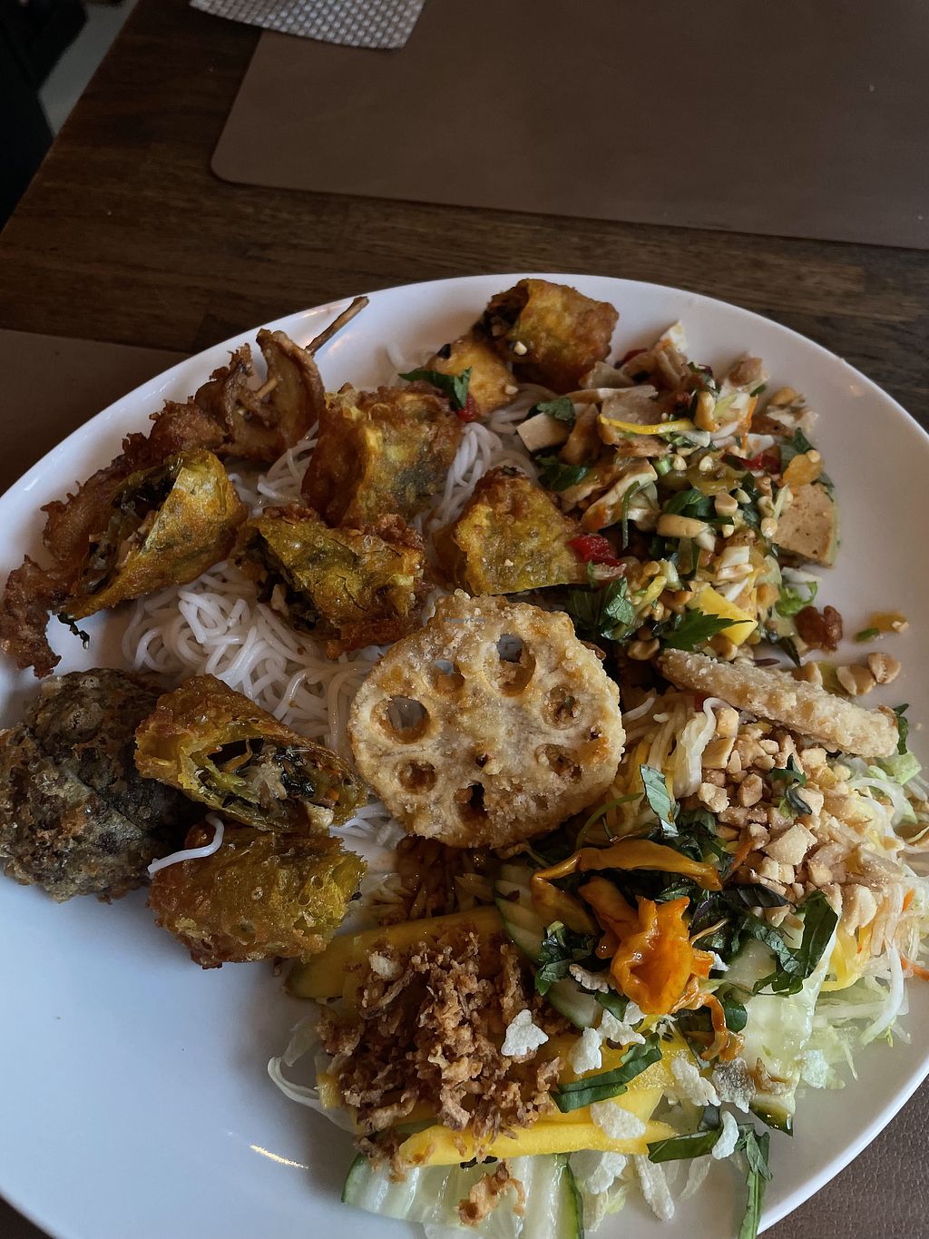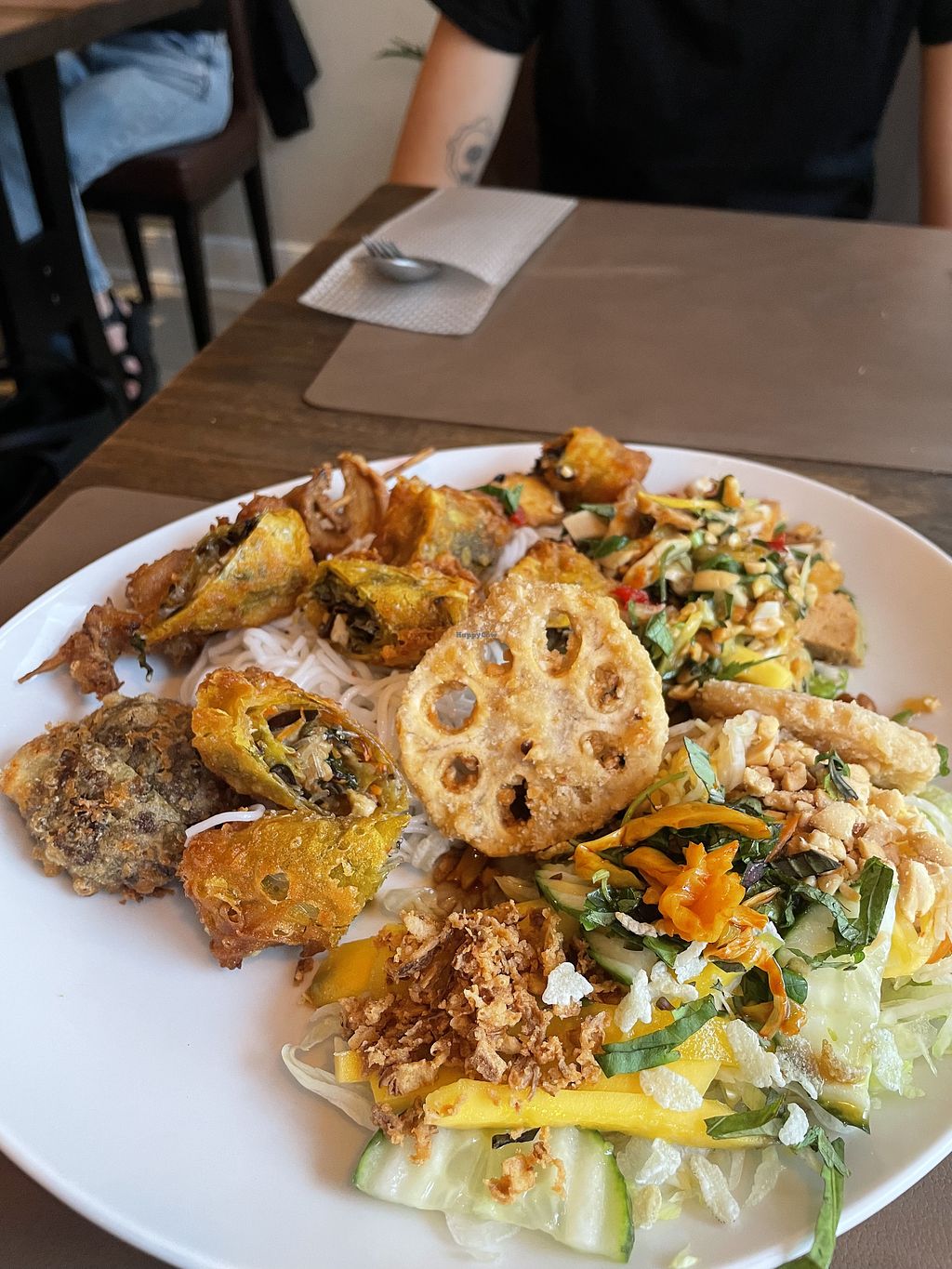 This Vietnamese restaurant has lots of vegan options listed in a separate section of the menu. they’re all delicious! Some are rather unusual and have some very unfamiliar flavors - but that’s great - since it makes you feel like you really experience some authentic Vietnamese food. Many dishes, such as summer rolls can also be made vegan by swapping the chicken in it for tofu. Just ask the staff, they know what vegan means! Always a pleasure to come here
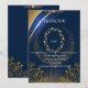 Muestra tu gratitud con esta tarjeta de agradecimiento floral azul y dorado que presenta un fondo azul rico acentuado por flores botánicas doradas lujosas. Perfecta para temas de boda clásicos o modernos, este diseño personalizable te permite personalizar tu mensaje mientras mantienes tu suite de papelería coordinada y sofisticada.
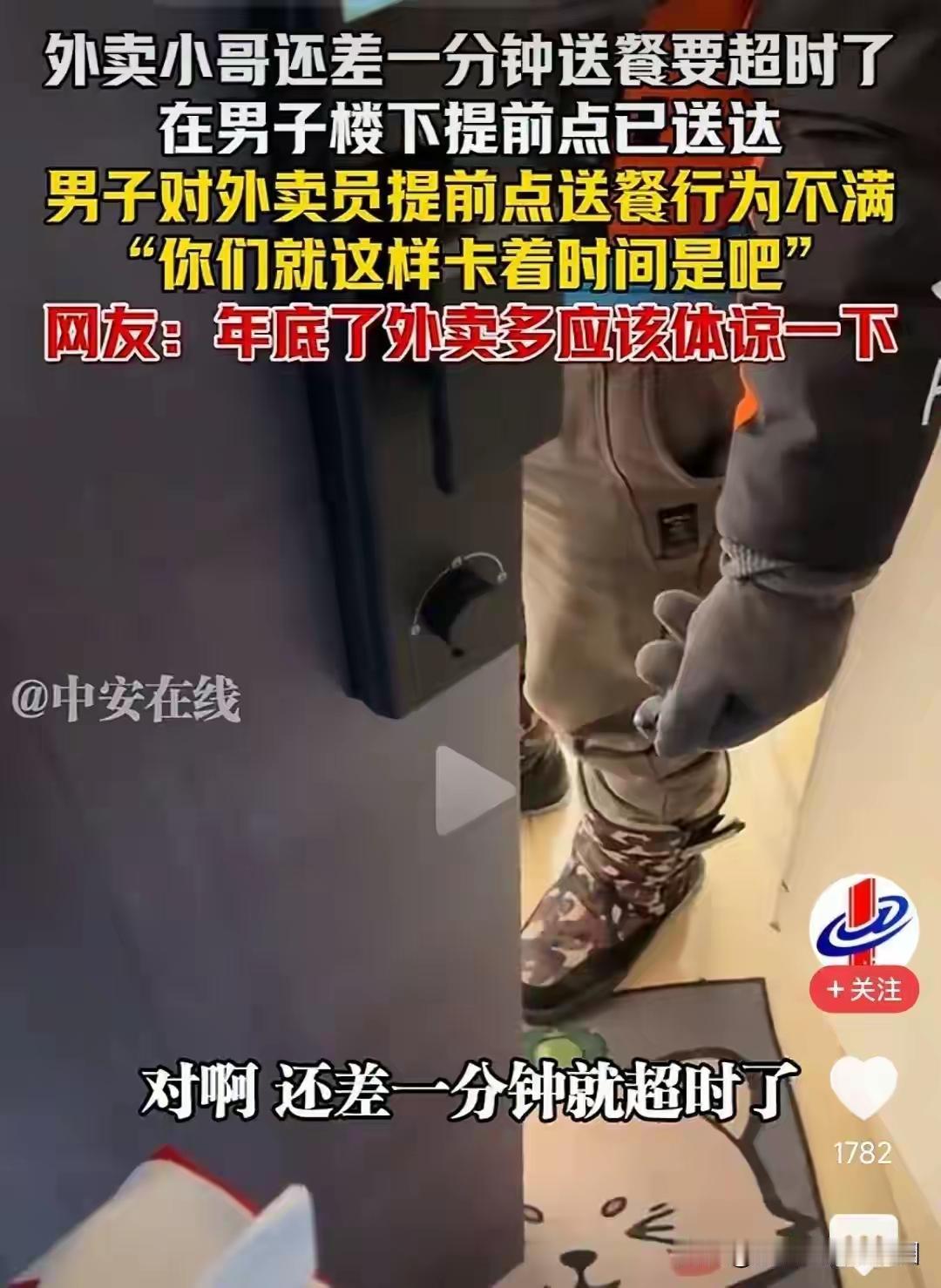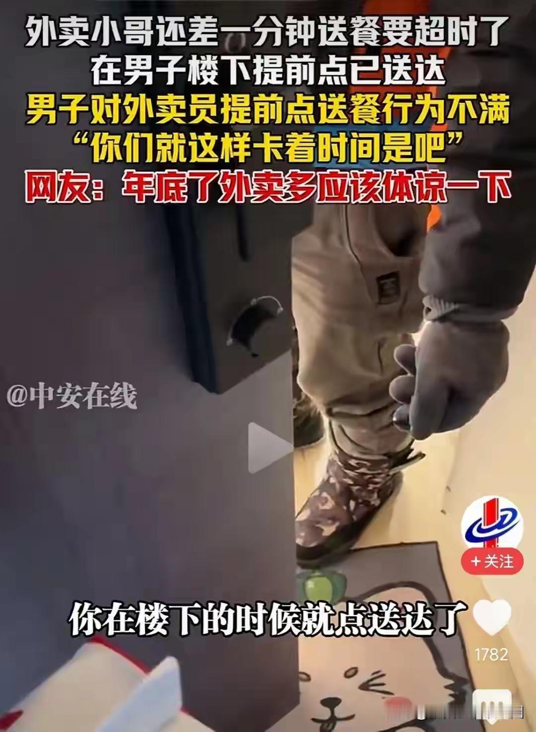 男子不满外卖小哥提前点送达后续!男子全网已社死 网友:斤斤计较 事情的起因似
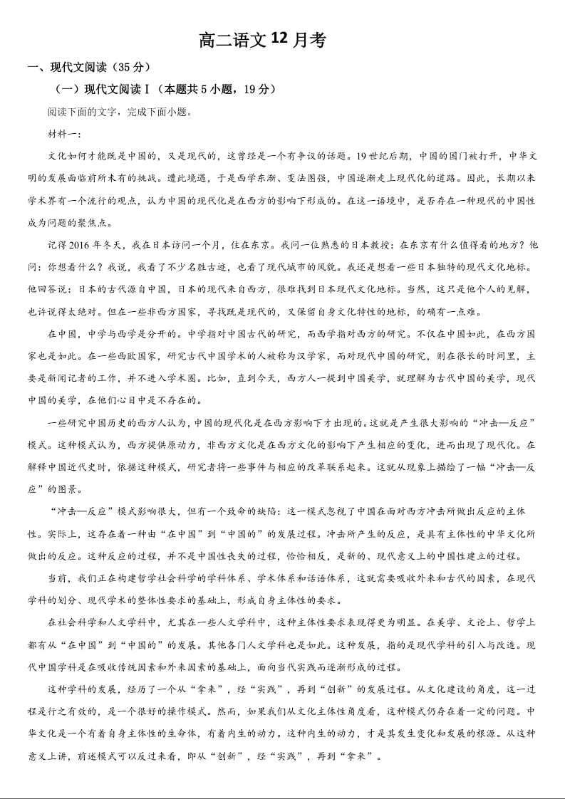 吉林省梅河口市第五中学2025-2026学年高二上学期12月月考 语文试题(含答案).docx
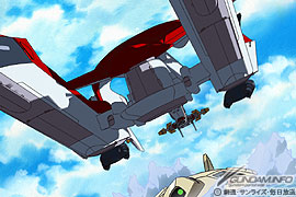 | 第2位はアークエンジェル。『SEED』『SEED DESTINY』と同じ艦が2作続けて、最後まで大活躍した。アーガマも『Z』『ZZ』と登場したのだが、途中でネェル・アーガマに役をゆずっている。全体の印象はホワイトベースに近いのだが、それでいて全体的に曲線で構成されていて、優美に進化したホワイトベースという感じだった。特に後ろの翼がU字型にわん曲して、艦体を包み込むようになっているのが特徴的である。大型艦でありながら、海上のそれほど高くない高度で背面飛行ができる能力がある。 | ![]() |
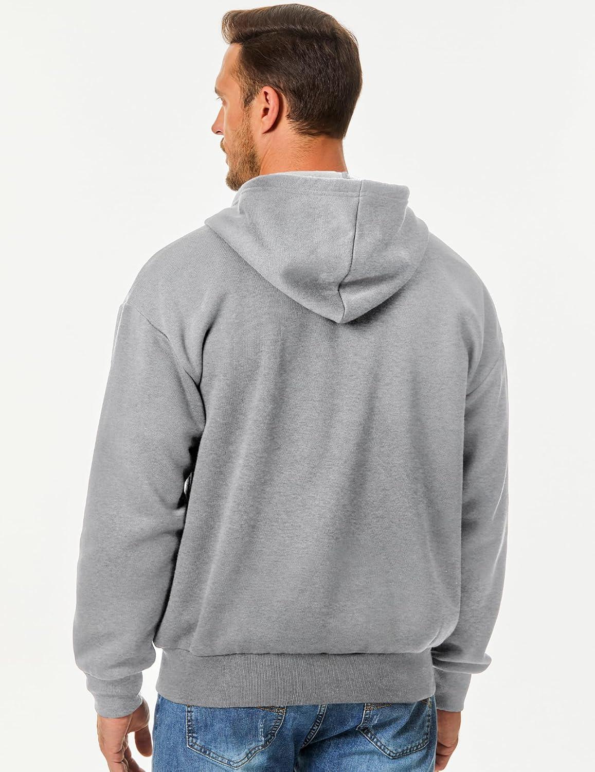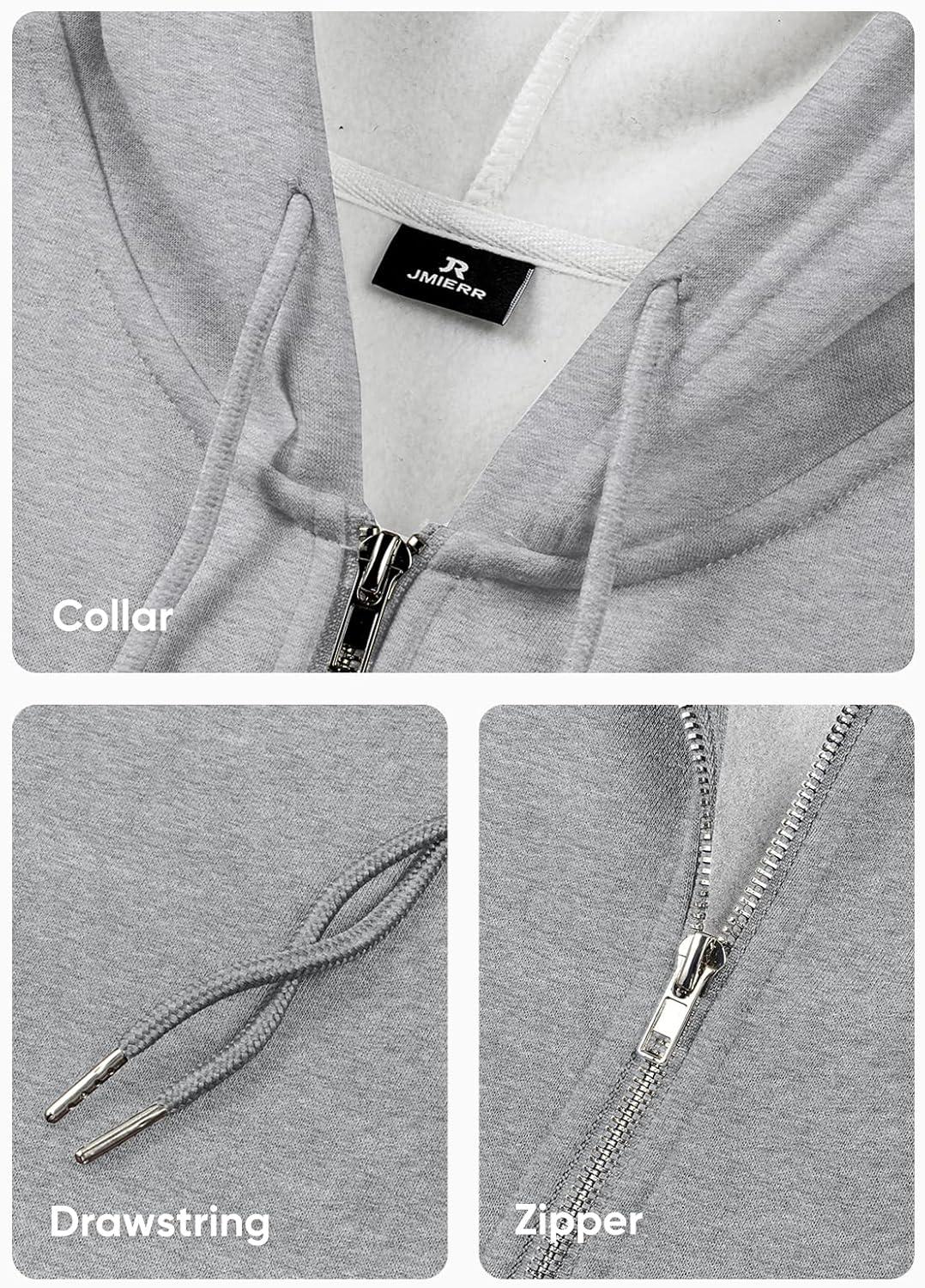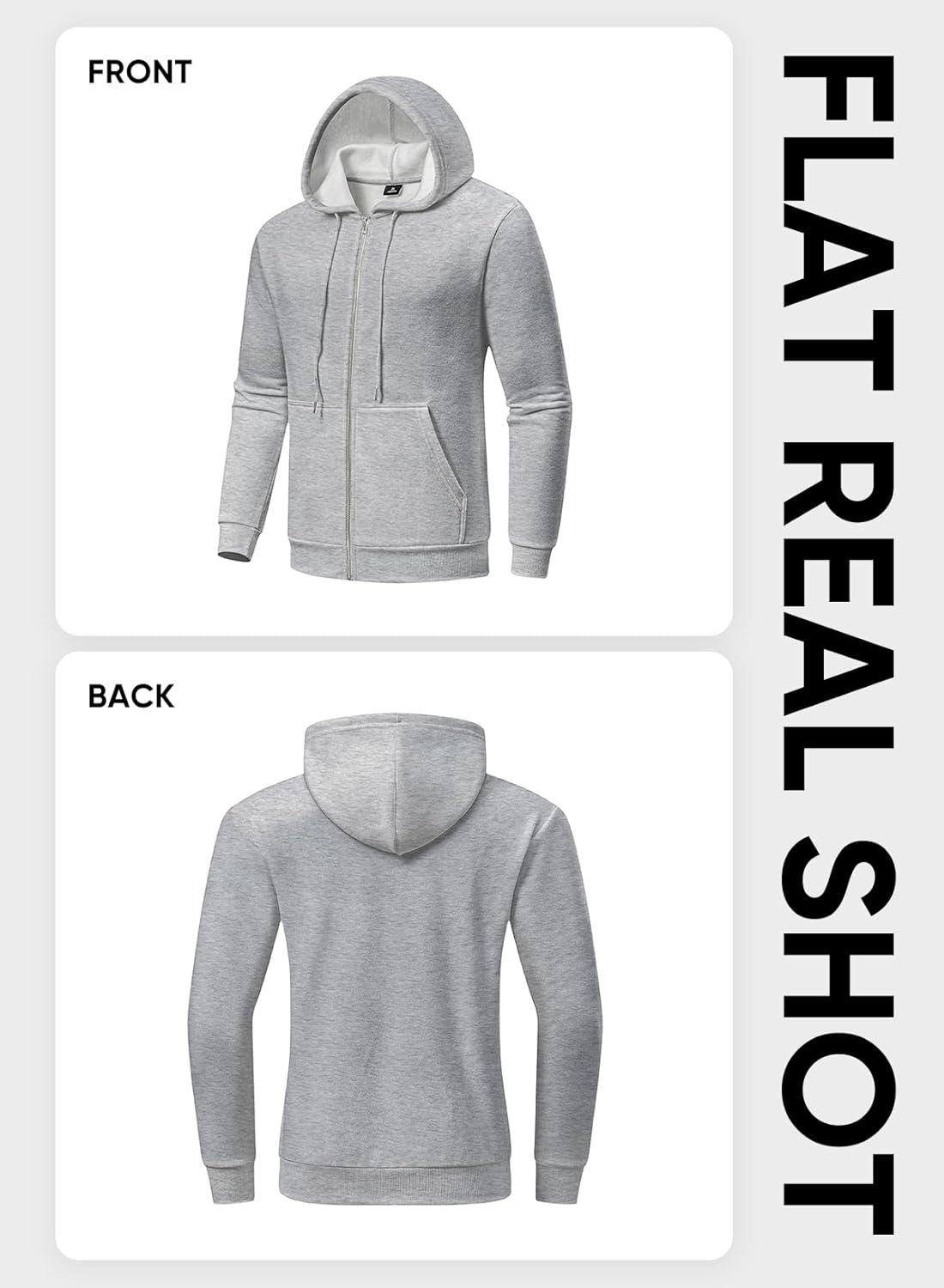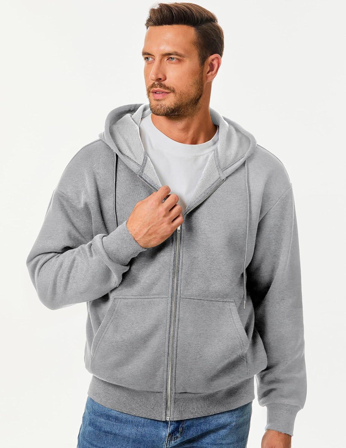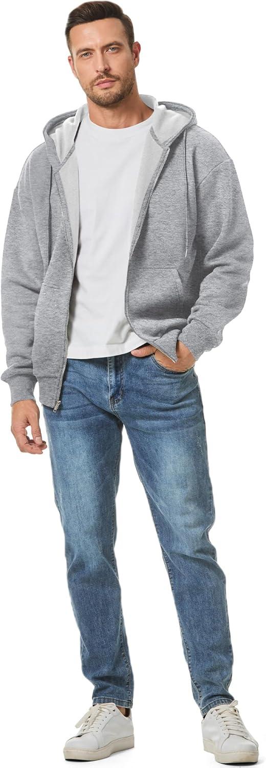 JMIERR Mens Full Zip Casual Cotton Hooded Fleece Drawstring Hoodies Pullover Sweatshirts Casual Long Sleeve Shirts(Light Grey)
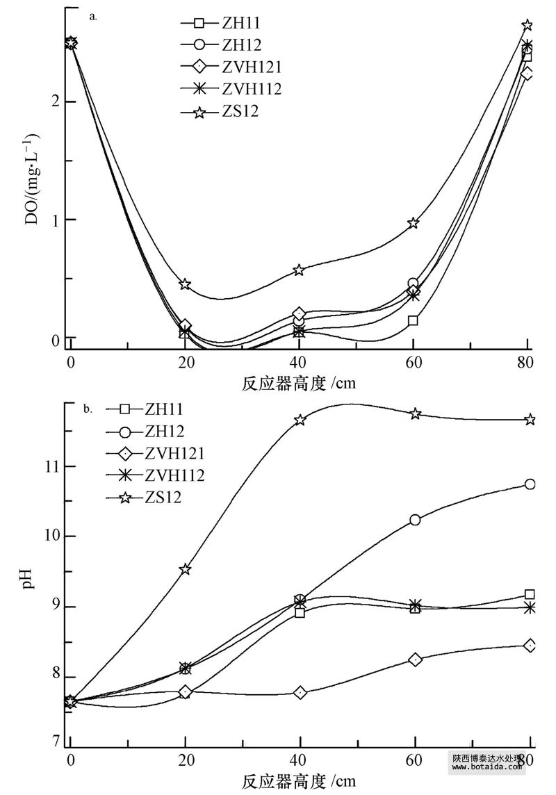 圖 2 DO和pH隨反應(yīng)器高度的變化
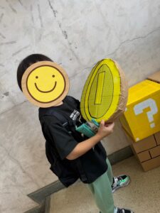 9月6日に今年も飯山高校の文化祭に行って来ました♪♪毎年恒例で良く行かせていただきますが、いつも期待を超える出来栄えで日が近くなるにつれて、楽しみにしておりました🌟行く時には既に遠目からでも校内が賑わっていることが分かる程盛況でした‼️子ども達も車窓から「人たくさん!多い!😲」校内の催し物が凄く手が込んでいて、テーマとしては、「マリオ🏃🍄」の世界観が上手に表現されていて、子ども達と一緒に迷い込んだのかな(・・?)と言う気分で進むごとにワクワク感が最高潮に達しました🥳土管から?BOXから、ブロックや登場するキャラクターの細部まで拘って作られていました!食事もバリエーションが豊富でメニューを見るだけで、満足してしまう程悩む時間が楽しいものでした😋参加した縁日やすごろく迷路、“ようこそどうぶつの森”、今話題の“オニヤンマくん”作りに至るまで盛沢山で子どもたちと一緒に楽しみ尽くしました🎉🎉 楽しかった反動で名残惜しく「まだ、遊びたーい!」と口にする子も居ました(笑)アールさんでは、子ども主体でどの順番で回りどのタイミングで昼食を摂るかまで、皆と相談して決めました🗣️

> _Your goal_
Repeat every entry exactly. Do not include the pictures.

> _Answer to the problem_
 This Vietnamese restaurant has lots of vegan options listed in a separate section of the menu. they’re all delicious! Some are rather unusual and have some very unfamiliar flavors - but that’s great - since it makes you feel like you really experience some authentic Vietnamese food. Many dishes, such as summer rolls can also be made vegan by swapping the chicken in it for tofu. Just ask the staff, they know what vegan means! Always a pleasure to come here
 Muestra tu gratitud con esta tarjeta de agradecimiento floral azul y dorado que presenta un fondo azul rico acentuado por flores botánicas doradas lujosas. Perfecta para temas de boda clásicos o modernos, este diseño personalizable te permite personalizar tu mensaje mientras mantienes tu suite de papelería coordinada y sofisticada.
 男子不满外卖小哥提前点送达后续!男子全网已社死 网友:斤斤计较 事情的起因似
 吉林省梅河口市第五中学2025-2026学年高二上学期12月月考 语文试题(含答案).docx
 | 第2位はアークエンジェル。『SEED』『SEED DESTINY』と同じ艦が2作続けて、最後まで大活躍した。アーガマも『Z』『ZZ』と登場したのだが、途中でネェル・アーガマに役をゆずっている。全体の印象はホワイトベースに近いのだが、それでいて全体的に曲線で構成されていて、優美に進化したホワイトベースという感じだった。特に後ろの翼がU字型にわん曲して、艦体を包み込むようになっているのが特徴的である。大型艦でありながら、海上のそれほど高くない高度で背面飛行ができる能力がある。 | ![]() |
 JMIERR Mens Full Zip Casual Cotton Hooded Fleece Drawstring Hoodies Pullover Sweatshirts Casual Long Sleeve Shirts(Light Grey)
 圖 2 DO和pH隨反應(yīng)器高度的變化
 9月6日に今年も飯山高校の文化祭に行って来ました♪♪毎年恒例で良く行かせていただきますが、いつも期待を超える出来栄えで日が近くなるにつれて、楽しみにしておりました🌟行く時には既に遠目からでも校内が賑わっていることが分かる程盛況でした‼️子ども達も車窓から「人たくさん!多い!😲」校内の催し物が凄く手が込んでいて、テーマとしては、「マリオ🏃🍄」の世界観が上手に表現されていて、子ども達と一緒に迷い込んだのかな(・・?)と言う気分で進むごとにワクワク感が最高潮に達しました🥳土管から?BOXから、ブロックや登場するキャラクターの細部まで拘って作られていました!食事もバリエーションが豊富でメニューを見るだけで、満足してしまう程悩む時間が楽しいものでした😋参加した縁日やすごろく迷路、“ようこそどうぶつの森”、今話題の“オニヤンマくん”作りに至るまで盛沢山で子どもたちと一緒に楽しみ尽くしました🎉🎉 楽しかった反動で名残惜しく「まだ、遊びたーい!」と口にする子も居ました(笑)アールさんでは、子ども主体でどの順番で回りどのタイミングで昼食を摂るかまで、皆と相談して決めました🗣️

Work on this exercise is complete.